Rebecca Mitchell, an epidemiologist with a doctoral degree in infectious disease modeling from Cornell University, said the "lack of transparency erodes confidence in the system."
"I keep hoping this is all a result of people who are dedicated public health experts being overwhelmed by the scale of an epidemic as a result of chronic underfunding and insufficient staffing," Mitchell said. "These types of omissions, if true, make it harder to see reporting errors absent of politics."
Georgia Health Commissioner Dr. Kathleen Toomey told the Atlanta Journal-Constitution she was surprised and unaware the state was including the antibody tests.
The confusion is the state's latest mishap in COVID-19 data collection. Earlier this week, the state removed about 230 confirmed cases from the state's total. In a statement, the department said it mistakenly included antibody test results in the count.
As similar error was made in Northwest Georgia but the confirmed cases were ultimately not removed from the state's total.

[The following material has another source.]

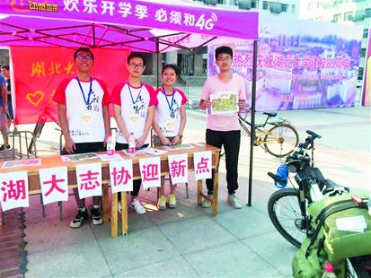 图为:报到点上,同学们争相与骑行来校的黄冠(右一)合影

In late April, after cases in Walker, Catoosa and other Northwest Georgia counties spiked and then leveled off, staff with the Northwest Health District notified top officials with the health department that positive cases from antibody tests had been incorrectly included in the totals.
Logan Boss, spokesman for the Northwest Health District, said the state told his office that it couldn't take out the positive cases because of how busy they were at the state level.
Between April 20 and 22, cases jumped by 44 in Walker County, 23 in Catoosa County and 11 in Dade County. Those were all positive cases from antibody testing. Other positives included two in Chattooga County, two in Gordon County and one in Floyd County.
Last week, three commissioners in Dade County announced they tested positive after taking an antibody test after feeling ill in February.
Boss said his office was told to keep the totals in and to move on.
"Which is kind of squirrelly but it was the only thing to do at the time," Boss said.
Dr. Gary Voccio, Health Director for the Georgia DPH Northwest Health District, said at the time some of the antibody positive cases "surely represent actual COVID-19 infections."
He added that "because so many COVID-19 cases are asymptomatic or mild, [some people] never seek medical attention, and thus are not tested, we know there are many more people in our communities who have been infected with the virus than the confirmed case count indicates."
But even as the state stopped counting positive cases through antibody tests, it didn't stop counting tests taken.
"I'll remain open to errors occurring as a result of work being done in haste and without intention as long as we see [the department of health] working to correct it rapidly," Mitchell said.